Canadian Professional Soccer League
- Season: 2003
- Champions: Brampton Hitmen
- Regular Season title: Ottawa Wizards (Eastern Conference); Hamilton Thunder (Western Conference);
- Matches: 117
- Goals: 405 (3.46 per match)
- Top goalscorer: Carlo Arghittu (St. Catharines Wolves)
- Best goalkeeper: Simon Eaddy
- Biggest home win: Toronto Supra 9-1 Durham Flames (September 24, 2003)
- Biggest away win: Durham Flames 2-5 Metro Lions (September 14, 2003); Durham Flames 4-5 Vaughan Sun Devils (August 10, 2003); Durham Flames 2-5 Ottawa Wizards (July 19, 2003);

= 2003 Canadian Professional Soccer League season =

The 2003 Canadian Professional Soccer League season was the sixth season for the Canadian Professional Soccer League. The season began on May 24, 2003 and concluded on October 5, 2003 with the Brampton Hitmen defeating Vaughan Sun Devils 1-0 to capture the CPSL Championship (known as the Rogers CPSL Cup for sponsorship reasons).

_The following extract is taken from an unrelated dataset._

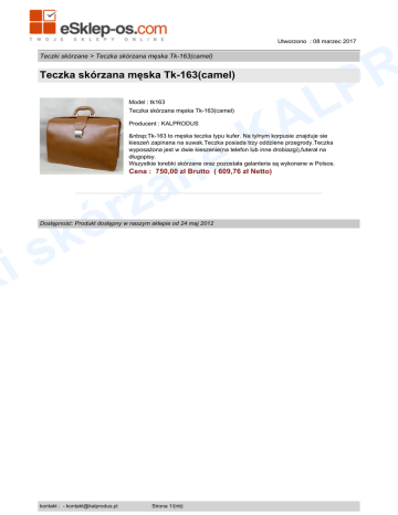 i k Utworzono : 08 marzec 2017 R P Teczki skórzane > Teczka skórzana męska Tk-163(camel) Teczka skórzana męska Tk-163(camel) Model : tk163 Teczka skórzana męska Tk-163(camel) K e Producent : KALPRODUS L A Tk-163 to męska teczka typu kufer. Na tylnym korpusie znajduje sie kieszeń zapinana na suwak.Teczka posiada trzy oddziene przegrody.Teczka wyposażona jest w dwie kieszenie(na telefon lub inne drobiazgi),futerał na długopisy. Wszystkie torebki skórzane oraz pozostała galanteria są wykonane w Polsce. n a Cena : 750,00 zł Brutto ( 609,76 zł Netto) z r ó k s Dostępność: Produkt dostępny w naszym sklepie od 24 maj 2012 kontakt : - [email protected] Strona 1/{nb}

The victory marked Brampton's first championship title, and the final was played at Cove Road Stadium in London, Ontario. During the regular season the Ottawa Wizards and the Hamilton Thunder won their respective conferences. Ottawa became the second CPSL franchise to go undefeated throughout the regular season.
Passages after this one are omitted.